• [INPUT DATA]
-- Opening Marker --

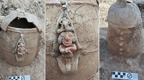 Morelia, Michoacán (MiMorelia.com).- Especialistas del Instituto Nacional de Antropología e Historia (INAH), encontraron una urna funeraria con la representación del dios del maíz entre las obras del Tramo 7 del Tren Maya.
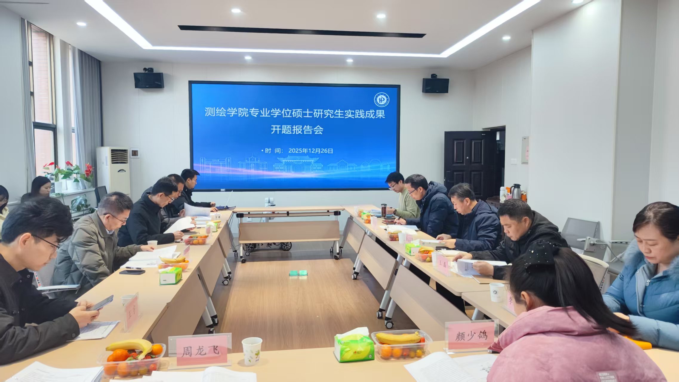 研究生靳佳辉围绕草莓图像识别、果梗几何定位、机械臂手眼标定、底盘导航及开发板集成控制展开汇报,系统阐述了项目技术路线、前期研究进展与后续工作安排。专家评议环节,校外行业专家从实践创新、市场导向、产品落地、经费保障等方面建言献策,校内专家从算法创新、机械结构设计、成果转化等方面提出完善意见。研究生靳佳辉及导师王宇感谢专家组提出的宝贵意见,表示将根据专家组意见进一步明确技术攻关方向,完善实践成果开题报告。
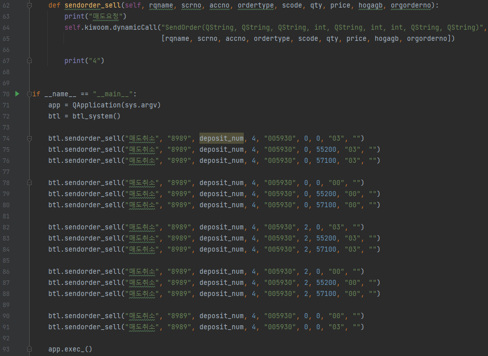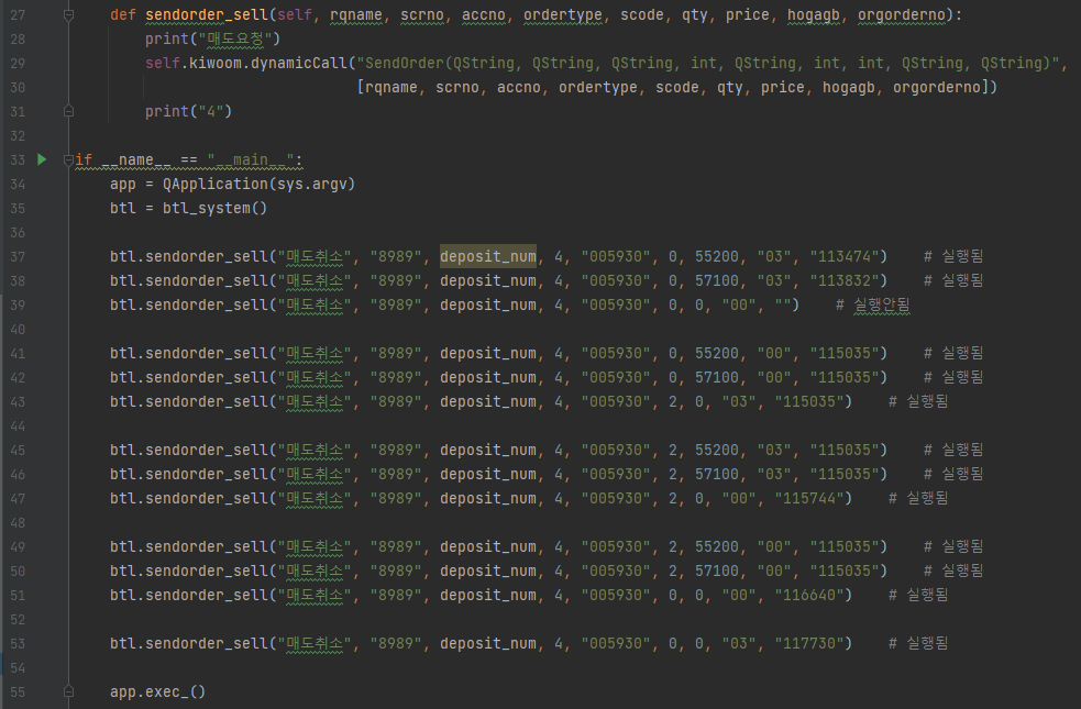 → 이 매도주문의 원주문 번호가 SendOrder 함수의 9번째 인수에 들어가야 한다.

-- Closing Marker --

• [ASSIGNMENT] The line containing "研究生靳佳辉围绕草莓图像识别" marks the start: set down exactly that line and every line after it through the last line of the data, without any pictures.

• [RESPONSE BOX]
 研究生靳佳辉围绕草莓图像识别、果梗几何定位、机械臂手眼标定、底盘导航及开发板集成控制展开汇报,系统阐述了项目技术路线、前期研究进展与后续工作安排。专家评议环节,校外行业专家从实践创新、市场导向、产品落地、经费保障等方面建言献策,校内专家从算法创新、机械结构设计、成果转化等方面提出完善意见。研究生靳佳辉及导师王宇感谢专家组提出的宝贵意见,表示将根据专家组意见进一步明确技术攻关方向,完善实践成果开题报告。
 → 이 매도주문의 원주문 번호가 SendOrder 함수의 9번째 인수에 들어가야 한다.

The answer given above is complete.